Latency Overhead: The multi-trajectory approach requires approximately 2.4x–2.8x the compute of single-path generation at equivalent parameter counts. SAGE 2.4 Actus-bio is a deliberative reasoning tool for non-time-critical clinical consultation, not a real-time triage system.
Text-Only Modality: Actus-bio depends strictly on text transcription for findings that are fundamentally visual or audio-based (e.g., dermatological manifestations, radiology scans, heart sounds).
Hallucinations: Like all generative architectures, there remains a persistent albeit calibrated risk of factual confabulation, where it may hallucinate lab parameters that fit a narrative.

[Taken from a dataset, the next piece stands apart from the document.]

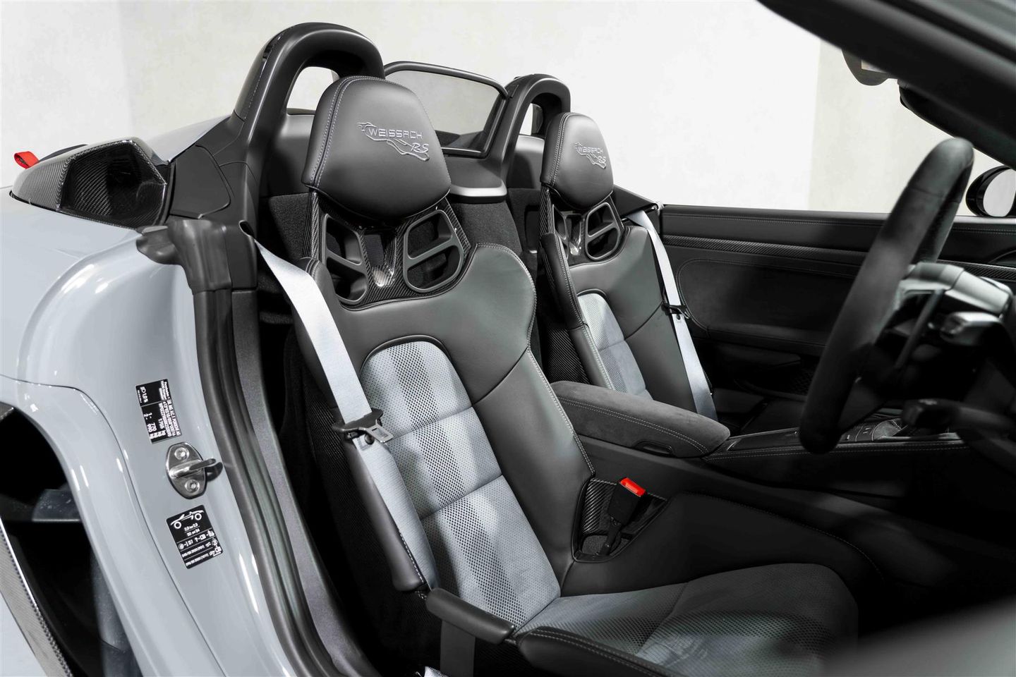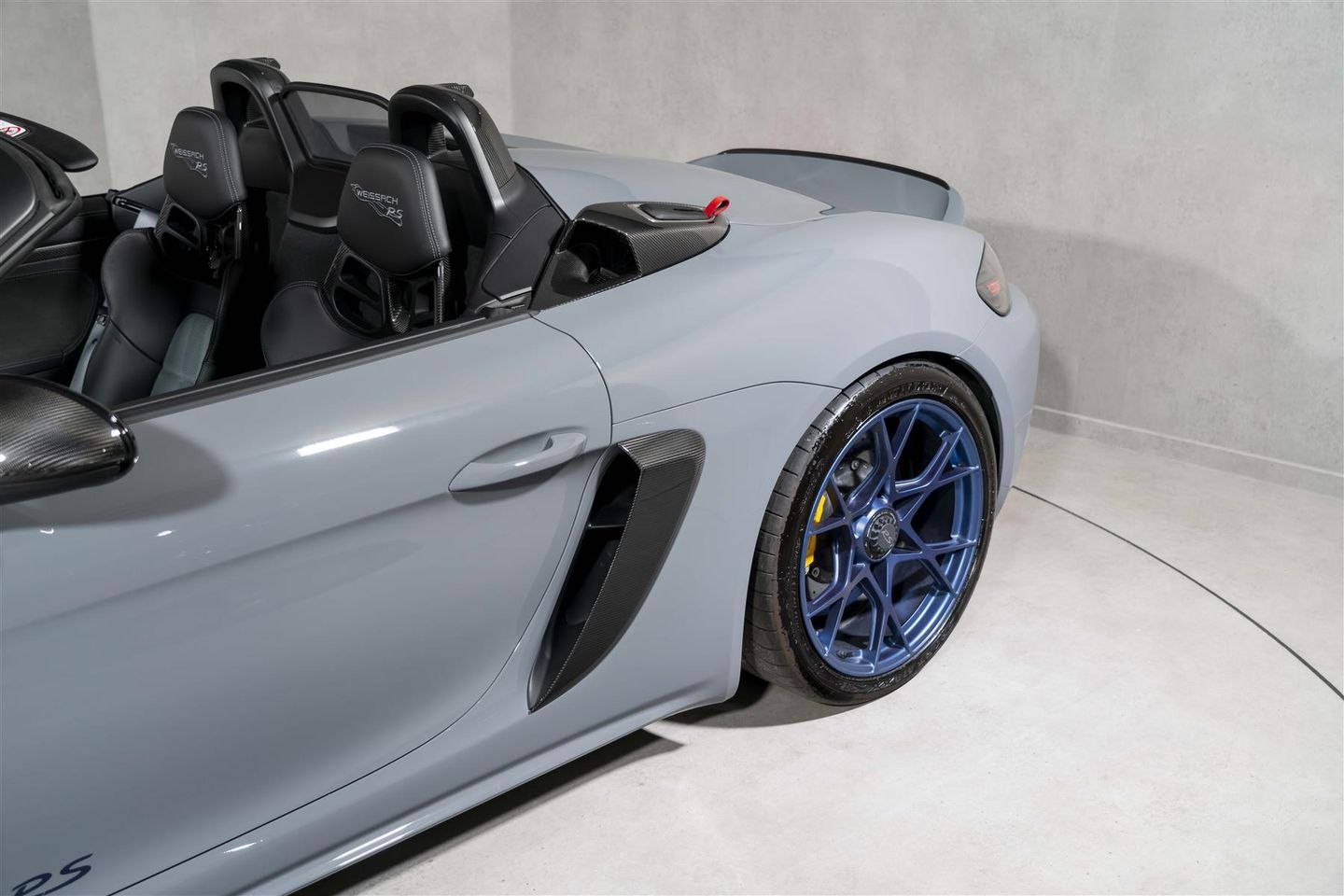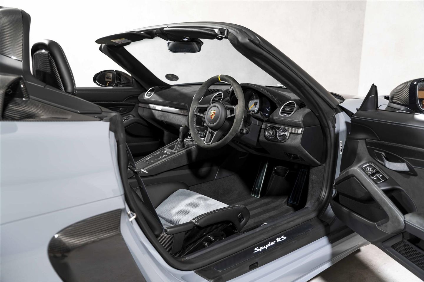 Presented here, in Arctic Grey Paintwork over a subtle yet striking Black Leather and Grey Microfibre Interior. To compliment the paint, the Indigo Blue 718 GT4 RS Wheels and Indigo Blue decals round off the car perfectly. Equipped with the all important Weissach package, which gives you a Carbon Fibre Bonnet with Partial Painting, Exterior Mirror Upper Trims, Cooling Air Intake Trim Behind Driver and Passenger Door, Process Air Intakes, Housing to Upper Brake Light, Trim for Roll over bar and Gurney Flap located on the rear spoiler. Plus, Titanium Tailpipes and 'Weissach Package' Embossed on the convertible roof. Moving onto the interior, the Upper Part of Dashboard in Race-Te, 'Weissach Package' badge on the Cup Holder and finally 'Weissach Package' Logo Embossed into the Headrests.

Mandatory Human Oversight & Safety Notice

SAGE 2.4 Actus-bio is NOT a clinical decision-making tool for autonomous use. This model inherently lacks physical examination capabilities, access to unwritten clinical intuition, and longitudinal patient insight. No output from this model should be acted upon in a clinical setting without rigorous review by a licensed medical professional.

Prohibited uses include: generating final diagnoses without physician authorization, executing automated prescribing, direct-to-patient triage without a human-in-the-loop, and utilizing the model in medical emergencies. All deployments enforced by SAGEA integrate a strict binding protocol for human oversight.